Aims
This network aims to foster international exchanges and collaborations around the anthropology of contemporary ‘spiritual’ practices. Inspired by stimulating encounters at pioneer seminars (“Nouvelles formes de médiation relationnelle” (New forms of relational mediation) at EHESS (Paris) and “Approches comparées du New Age” (Comparative approaches to New Age) at EPHE (Paris)) and at conference panels (“Contemporary spiritualities and ‘New Age’: Ethnographic and historical-comparative approaches to a transnational field” at the 2018 EASR annual conference; “Thérapies alternatives spirituelles” at Université Neuchâtel (Switzerland) in 2019.), we observed a glaring gap between the worldwide circulation of contemporary spiritual practices and the marginality of the field, largely unexplored within anthropology.
Whereas leaders of these eclectic practices have been prolific writers as producers of knowledge deeply engaged in building legitimacy, anthropologists have not fully embraced contemporary spiritual practices as a legitimate field in itself. We argue for the necessity of extensive ethnographic fieldwork, and for research rooted not only on a corpus of writings and discourse saturating the field but also on participant observation.
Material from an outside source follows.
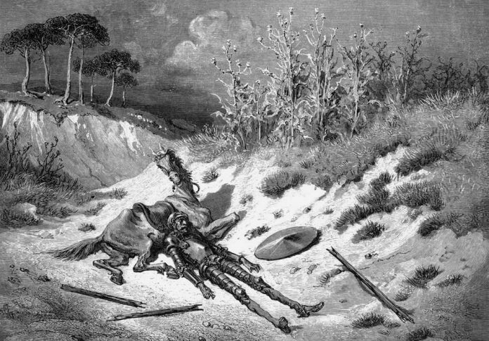 Y quiso la suerte que, cuando llegó a este verso, acertó a pasar por allí un labrador de su mesmo lugar y vecino suyo, que venía de llevar una carga de trigo al molino; el cual, viendo aquel hombre allí tendido, se llegó a él y le preguntó que quién era y qué mal sentía, que tan tristemente se quejaba. Don Quijote creyó sin duda que aquel era el marqués de Mantua, su tío, y, así, no le respondió otra cosa sino fue proseguir en su romance, donde le daba cuenta de su desgracia y de los amores del hijo del Emperante con su esposa, todo de la mesma manera que el romance lo canta.

Rather than restricting our approach to anthropology, we draw on other fields necessary to the contextualization and historicization of contemporary spiritual practices as situated in specific time and space while also interconnected through transnational movements.
Our hope is to establish a cross-disciplinary network and offer regular occasions for exploring within a comparative approach the transversal dynamics as well as the differences within the operative logics of these spiritual practices.
A wide variety of spiritual practices overlap and typically belong to various realms between therapy, science, wellbeing, and politics: from New Age to Neopaganism, from ecospirituality to neo-traditionalist movements among numerous categories, this network is open to ‘spiritual’ practices regardless of their cultural contexts.